◆ **WHAT YOU ARE ASKED TO DO**
Copy out all of the lines below exactly; the pictures do not belong in the copy.

◆ **DATA EXCERPT**
========================

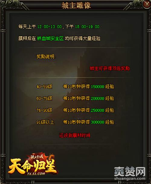 游戏出于人性化考虑,将膜拜城主的时间设置为每天12:00-13:00;18:00-19:00。玩家们可以在用餐期间安心挂机,满足40级的玩家在比奇城安全区即可每十秒获得一次海量经验。没有什么比站在安全区升级更舒服的事情了。
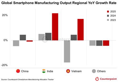 카운터포인트리서치는 중국과 가까우면서도 제조 및 수출 역량을 보유한 베트남과 성장 잠재력을 가진 인도의 생산량이 증가할 것으로 내다봤다. 특히 인도는 애플과 삼성의 수출 수요에 힘입어 올해 두 자릿수 성장률을 기록하며 글로벌 생산량의 20%를 차지할 것으로 예상했다.
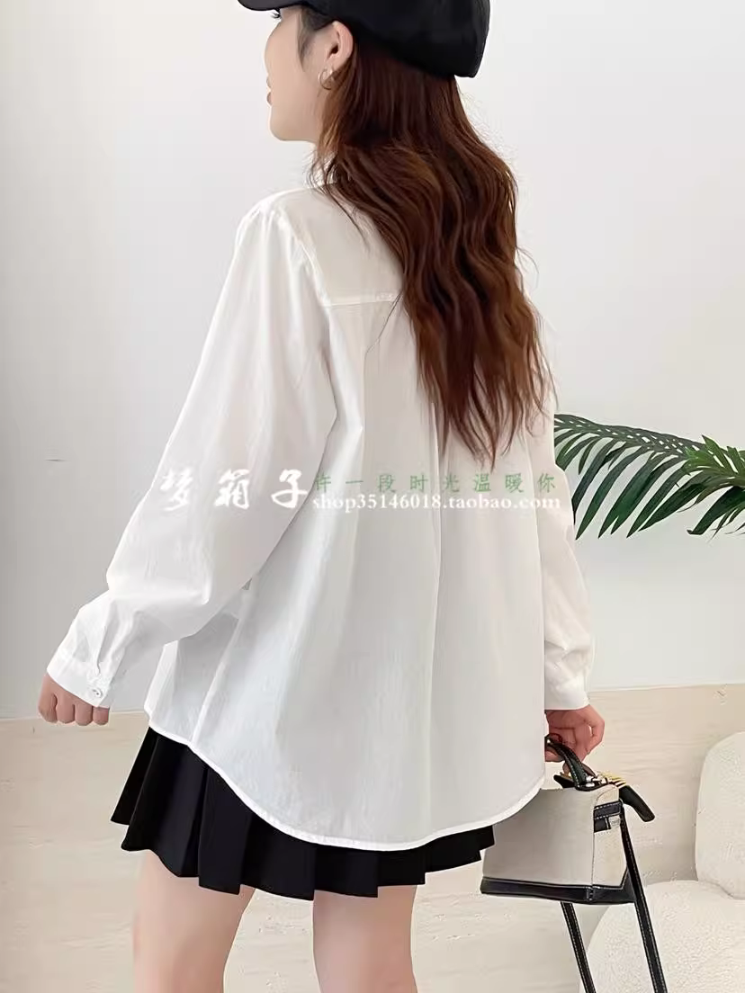 - Áo sơ mi cotton thêu hình cáo hoạt hình Dream Box 2025 mùa thu mới, cổ bẻ, tay dài, dáng rộng, áo sọc giảm tuổi tác.

========================

◆ **ANSWER TO THIS EXERCISE**
 游戏出于人性化考虑,将膜拜城主的时间设置为每天12:00-13:00;18:00-19:00。玩家们可以在用餐期间安心挂机,满足40级的玩家在比奇城安全区即可每十秒获得一次海量经验。没有什么比站在安全区升级更舒服的事情了。
 카운터포인트리서치는 중국과 가까우면서도 제조 및 수출 역량을 보유한 베트남과 성장 잠재력을 가진 인도의 생산량이 증가할 것으로 내다봤다. 특히 인도는 애플과 삼성의 수출 수요에 힘입어 올해 두 자릿수 성장률을 기록하며 글로벌 생산량의 20%를 차지할 것으로 예상했다.
 - Áo sơ mi cotton thêu hình cáo hoạt hình Dream Box 2025 mùa thu mới, cổ bẻ, tay dài, dáng rộng, áo sọc giảm tuổi tác.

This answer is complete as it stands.